[Data for processing]
==*==

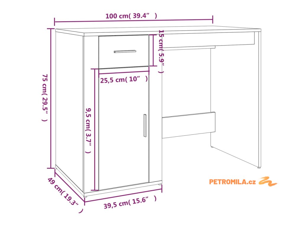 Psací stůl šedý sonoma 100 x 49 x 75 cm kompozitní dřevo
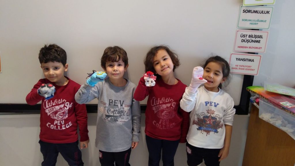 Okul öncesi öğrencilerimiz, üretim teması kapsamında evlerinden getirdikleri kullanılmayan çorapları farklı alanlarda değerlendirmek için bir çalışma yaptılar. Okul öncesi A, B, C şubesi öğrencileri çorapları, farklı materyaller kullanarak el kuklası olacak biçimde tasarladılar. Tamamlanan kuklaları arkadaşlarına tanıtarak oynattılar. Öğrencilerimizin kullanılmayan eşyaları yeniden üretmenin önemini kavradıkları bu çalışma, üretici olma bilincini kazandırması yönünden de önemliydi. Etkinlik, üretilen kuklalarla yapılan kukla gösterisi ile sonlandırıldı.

==*==

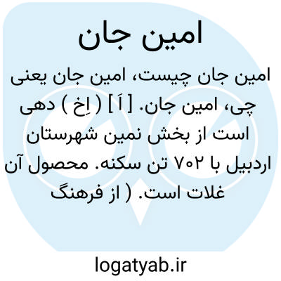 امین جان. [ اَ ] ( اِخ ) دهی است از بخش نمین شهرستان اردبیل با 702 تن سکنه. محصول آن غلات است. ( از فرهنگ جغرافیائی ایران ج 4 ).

==*==

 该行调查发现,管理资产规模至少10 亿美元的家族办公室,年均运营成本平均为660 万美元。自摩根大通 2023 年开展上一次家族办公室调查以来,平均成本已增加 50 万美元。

==*==

[What to do] Treat the line with "Psací stůl šedý" as the start and the line with "Okul öncesi öğrencilerimiz, üretim" as the end, and return exactly that span of the data above, both ends included, without pictures.

[Output for this exercise]
 Psací stůl šedý sonoma 100 x 49 x 75 cm kompozitní dřevo
 Okul öncesi öğrencilerimiz, üretim teması kapsamında evlerinden getirdikleri kullanılmayan çorapları farklı alanlarda değerlendirmek için bir çalışma yaptılar. Okul öncesi A, B, C şubesi öğrencileri çorapları, farklı materyaller kullanarak el kuklası olacak biçimde tasarladılar. Tamamlanan kuklaları arkadaşlarına tanıtarak oynattılar. Öğrencilerimizin kullanılmayan eşyaları yeniden üretmenin önemini kavradıkları bu çalışma, üretici olma bilincini kazandırması yönünden de önemliydi. Etkinlik, üretilen kuklalarla yapılan kukla gösterisi ile sonlandırıldı.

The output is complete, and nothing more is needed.